Your goal:
Copy exactly, no pictures: every line from the one that contains "Építési kihívások: A" through the end of the entries below.

Data for processing:
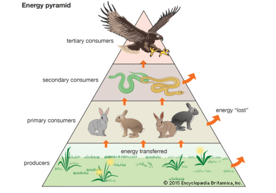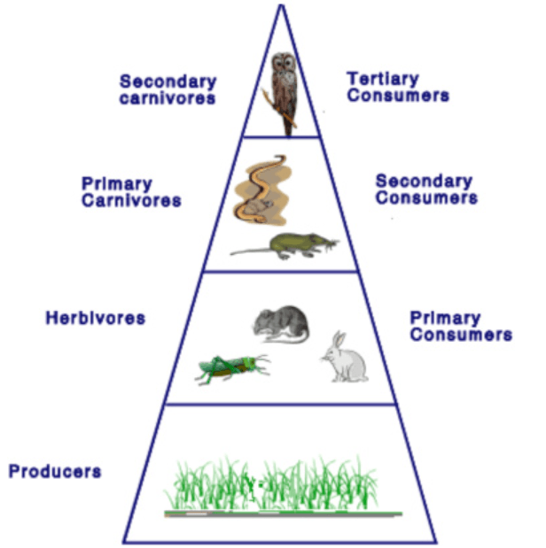 Producers, Primary Consumers, Secondary consumers, Tertiary consumers.
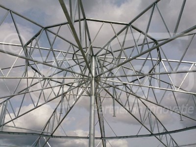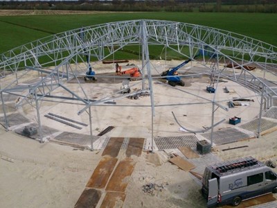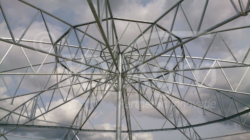 Voor deze bijzondere stal is de dakconstructie volledig opnieuw ontworpen. Hiermee is de constructie geschikt voor de 2,5 tons rondgaande stroverdeler die aan het dak van de Roundhouse hangt en vanuit daar de gehele stal kan instrooien. Daarnaast heeft het dak een hoogte gekregen van 12 meter waardoor een mooie vorm ontstaat. Dankzij deze ronde vorm en de gedekte kleurstellingen gaat de stal mooi op in het landschap. Een eigenschap die natuurlijk niet alleen geldt voor het Groningse landschap maar overal in Nederland opgaat.
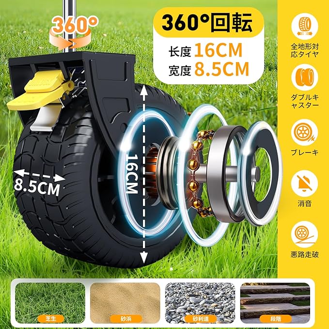 【静音オフロードタイヤ採用、あらゆる地形に対応】キャンプカートは静音設計のワイドオフロードタイヤを採用しており、芝生・砂浜・砂利道・段差など、さまざまな路面でスムーズに走行可能。振動を抑えた静かな走行音で、住宅街やキャンプ場でも快適にご使用いただけます。さらに、安全性を高めるためのブレーキ機能も搭載しており、坂道や傾斜地でもしっかりと停止できます。
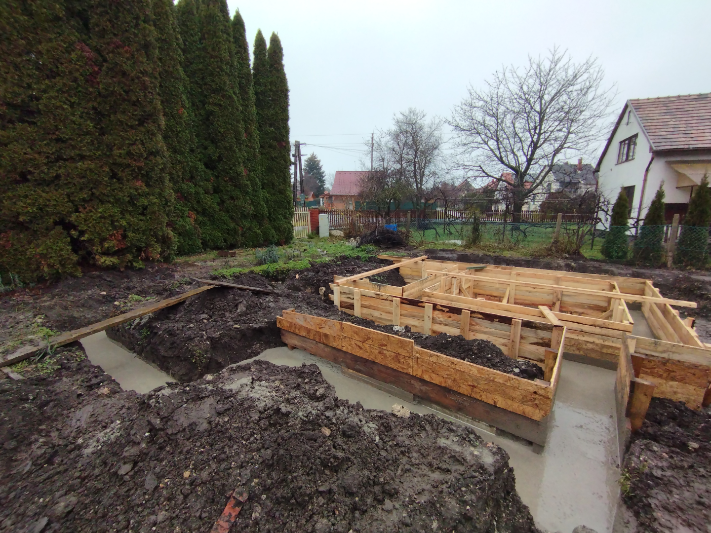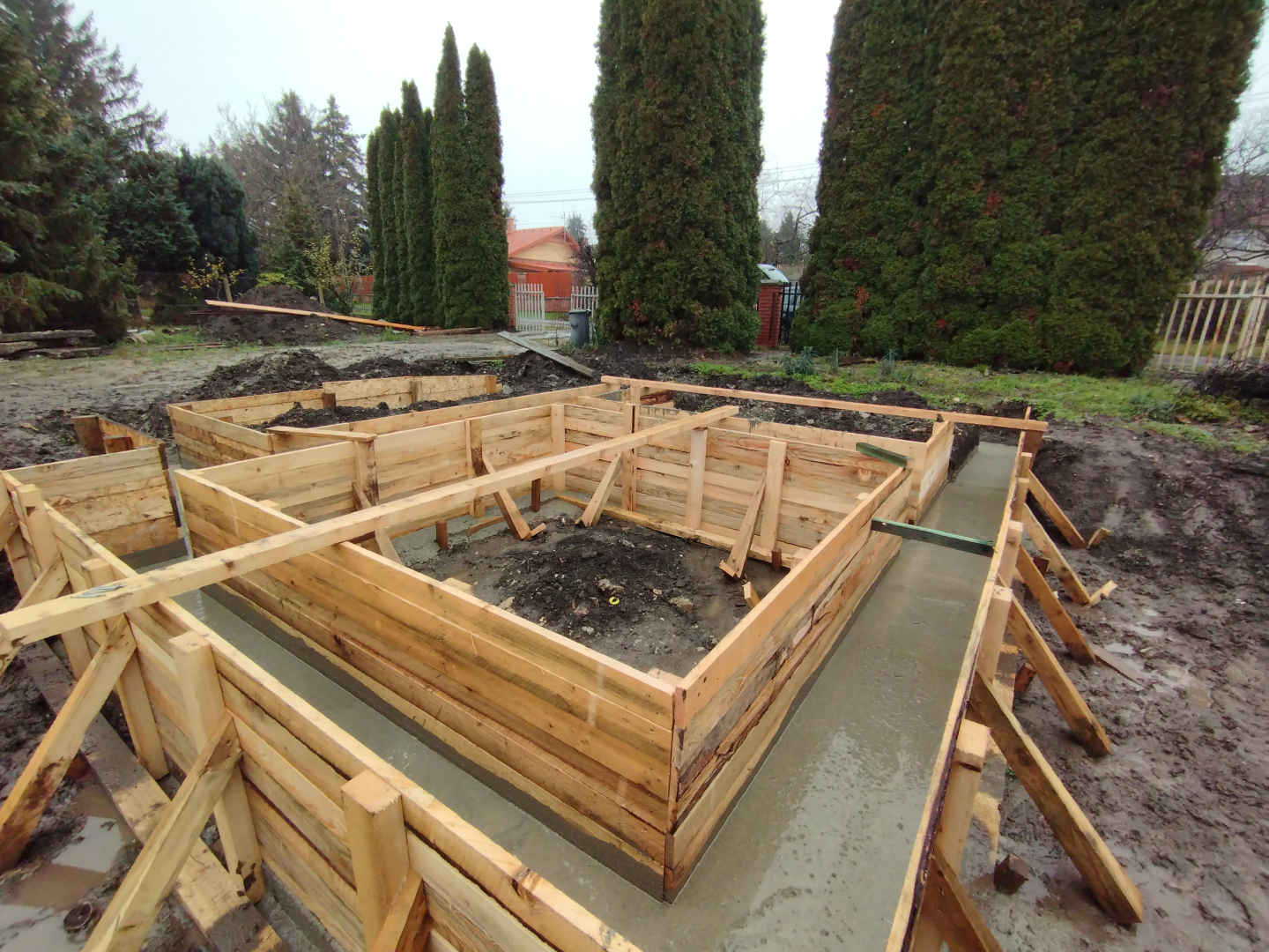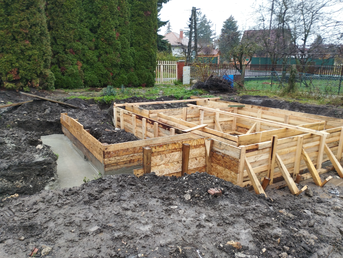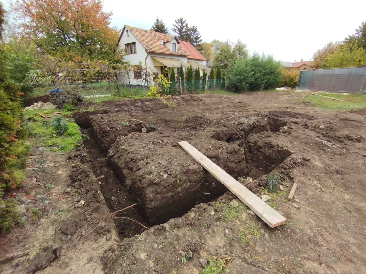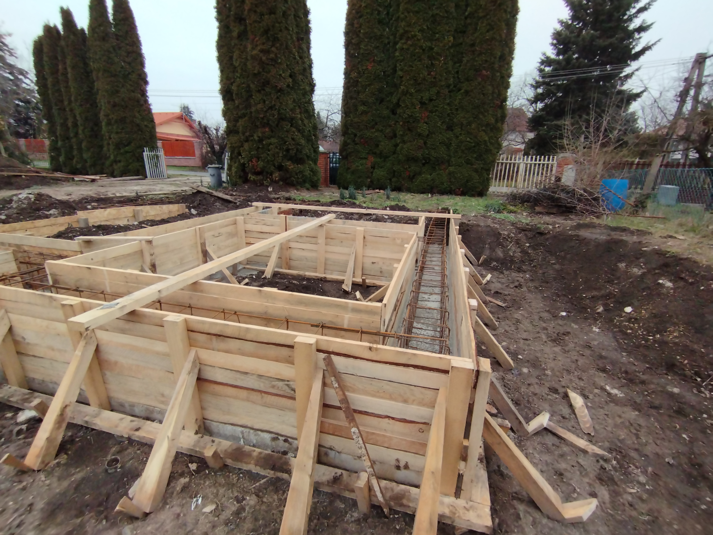 Építési kihívások: A munkálatok megkezdésekor rendelkezésünkre állt, egy korábbi kivitelező által készített beton alap. Első tervezett feladatunk a már elkészült alap kiegészítése volt. Mivel a korábban készült alapnál kisebb házat kért a megrendelő, így egy plusz sáv vált szükségessé. A bontási munkálatok megkezdésekor tapasztaltak alapján kértünk egy statikai szakvéleményt, amely megállapította, hogy a meglévő alap kivitelezése nem szakszerűen történt, javításra nincs mód, így sajnos azt el kell bontani. Az alap bontásakor került feltárásra a területen korábban állt ház alapteste, illetve egy pince is. A kitermelését követően egy méretes kráter alakult ki a területen. Annak érdekében, hogy az új alapot megfelelően tömörített földréteg támassza, úgy döntöttünk, hogy a sávalap egy részét zsaluzással készítjük el, és a száradást követően töltjük vissza, és tömörítjük a szükséges földet. A munkálatokról készült képek lent láthatóak.
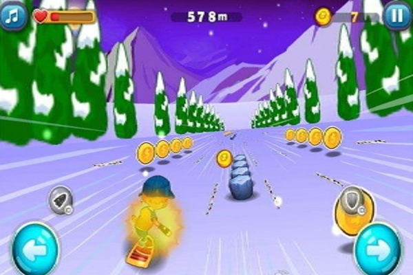 在雪山中有一項(xiàng)極限運(yùn)動(dòng)叫做滑雪,從山的最高頭開(kāi)始向下滑行,欣賞沿途的風(fēng)景。游戲的同時(shí),你還要躲避障礙物,或者是跳躍突起的山脈和地形,獲取路上的金幣,相應(yīng)的金幣可以在游戲商城里購(gòu)買(mǎi)你想要的道具。
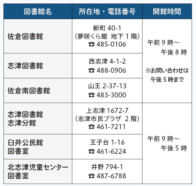 佐倉市内には3か所の図書館があり、図書室なども含めると、市内全館で約70万冊の本や雑誌などを所蔵しています。また、「移動図書館さくらおぐるま号」が市内を巡回しているほか、インターネットを利用して、電子書籍の貸出・返却が出来る「電子図書館」サービスなど、来館しなくても利用できるサービスも行っています。詳細は図書館ホームページからご覧ください。

Finished task:
 Építési kihívások: A munkálatok megkezdésekor rendelkezésünkre állt, egy korábbi kivitelező által készített beton alap. Első tervezett feladatunk a már elkészült alap kiegészítése volt. Mivel a korábban készült alapnál kisebb házat kért a megrendelő, így egy plusz sáv vált szükségessé. A bontási munkálatok megkezdésekor tapasztaltak alapján kértünk egy statikai szakvéleményt, amely megállapította, hogy a meglévő alap kivitelezése nem szakszerűen történt, javításra nincs mód, így sajnos azt el kell bontani. Az alap bontásakor került feltárásra a területen korábban állt ház alapteste, illetve egy pince is. A kitermelését követően egy méretes kráter alakult ki a területen. Annak érdekében, hogy az új alapot megfelelően tömörített földréteg támassza, úgy döntöttünk, hogy a sávalap egy részét zsaluzással készítjük el, és a száradást követően töltjük vissza, és tömörítjük a szükséges földet. A munkálatokról készült képek lent láthatóak.
 在雪山中有一項(xiàng)極限運(yùn)動(dòng)叫做滑雪,從山的最高頭開(kāi)始向下滑行,欣賞沿途的風(fēng)景。游戲的同時(shí),你還要躲避障礙物,或者是跳躍突起的山脈和地形,獲取路上的金幣,相應(yīng)的金幣可以在游戲商城里購(gòu)買(mǎi)你想要的道具。
 佐倉市内には3か所の図書館があり、図書室なども含めると、市内全館で約70万冊の本や雑誌などを所蔵しています。また、「移動図書館さくらおぐるま号」が市内を巡回しているほか、インターネットを利用して、電子書籍の貸出・返却が出来る「電子図書館」サービスなど、来館しなくても利用できるサービスも行っています。詳細は図書館ホームページからご覧ください。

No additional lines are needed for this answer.